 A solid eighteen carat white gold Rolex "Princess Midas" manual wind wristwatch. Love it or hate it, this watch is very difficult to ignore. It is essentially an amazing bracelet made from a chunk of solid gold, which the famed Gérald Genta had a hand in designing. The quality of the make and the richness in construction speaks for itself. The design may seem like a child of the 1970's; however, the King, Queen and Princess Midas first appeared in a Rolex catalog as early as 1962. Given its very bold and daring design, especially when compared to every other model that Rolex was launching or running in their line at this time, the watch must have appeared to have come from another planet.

::::::::

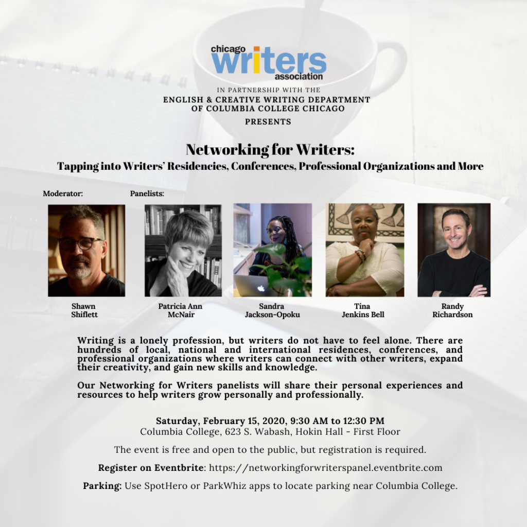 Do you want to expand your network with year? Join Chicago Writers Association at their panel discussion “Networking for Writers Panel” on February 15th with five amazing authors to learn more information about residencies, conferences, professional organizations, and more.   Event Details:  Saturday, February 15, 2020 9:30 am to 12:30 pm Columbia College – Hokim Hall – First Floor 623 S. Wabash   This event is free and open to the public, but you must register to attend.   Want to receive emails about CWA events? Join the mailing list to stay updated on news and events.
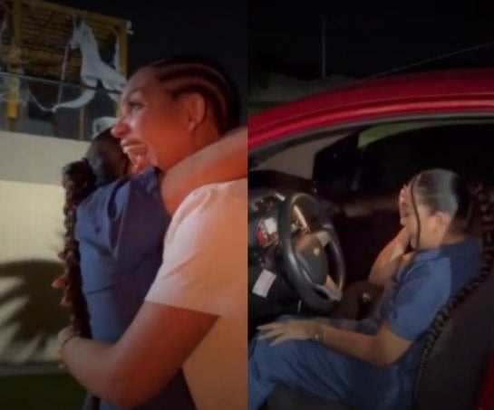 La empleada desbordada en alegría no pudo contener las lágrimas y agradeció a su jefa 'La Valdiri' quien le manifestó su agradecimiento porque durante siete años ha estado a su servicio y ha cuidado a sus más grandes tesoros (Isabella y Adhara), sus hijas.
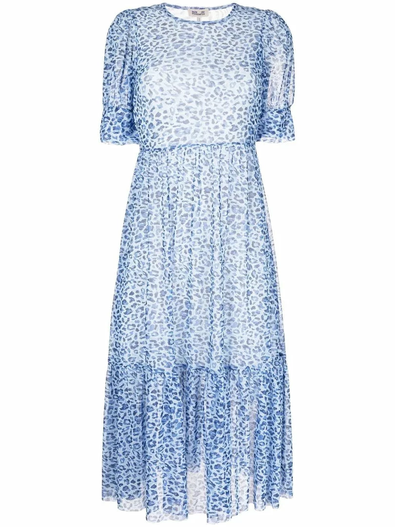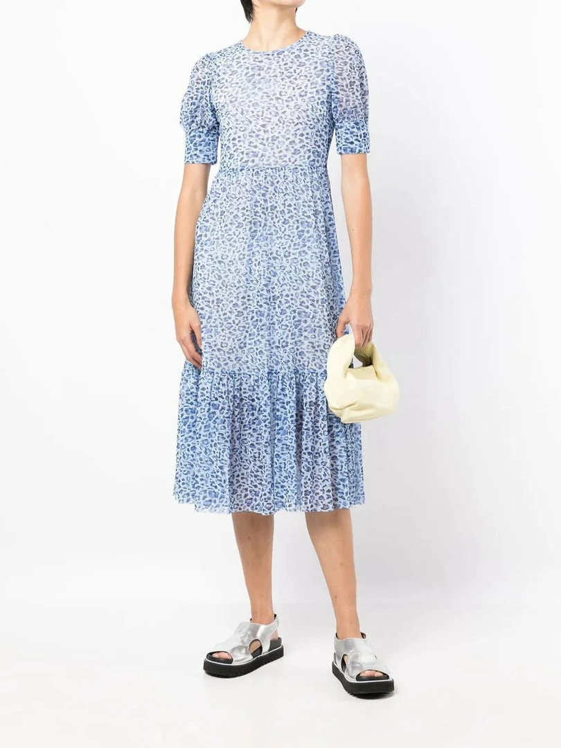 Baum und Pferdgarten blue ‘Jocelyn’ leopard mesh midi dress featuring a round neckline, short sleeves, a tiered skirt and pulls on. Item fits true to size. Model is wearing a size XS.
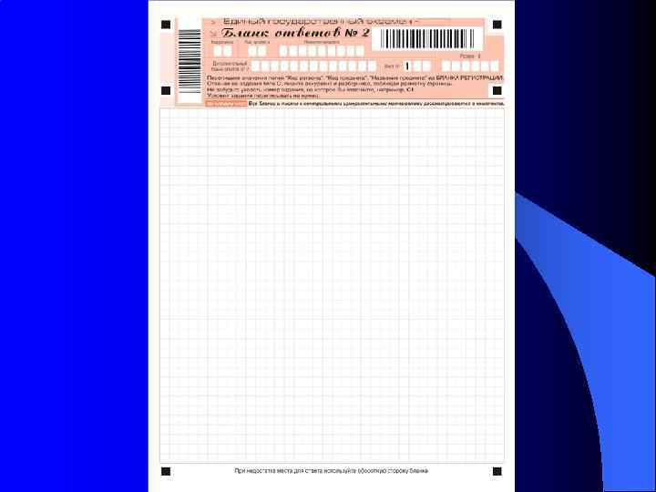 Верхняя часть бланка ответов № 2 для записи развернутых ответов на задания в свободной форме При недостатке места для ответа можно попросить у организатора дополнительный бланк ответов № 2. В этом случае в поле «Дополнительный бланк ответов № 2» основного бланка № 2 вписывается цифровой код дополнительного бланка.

::::::::

With the pictures left out, write out exactly the lines above from the one containing "Baum und Pferdgarten" through the one containing "Верхняя часть бланка".

Your response:
 Baum und Pferdgarten blue ‘Jocelyn’ leopard mesh midi dress featuring a round neckline, short sleeves, a tiered skirt and pulls on. Item fits true to size. Model is wearing a size XS.
 Верхняя часть бланка ответов № 2 для записи развернутых ответов на задания в свободной форме При недостатке места для ответа можно попросить у организатора дополнительный бланк ответов № 2. В этом случае в поле «Дополнительный бланк ответов № 2» основного бланка № 2 вписывается цифровой код дополнительного бланка.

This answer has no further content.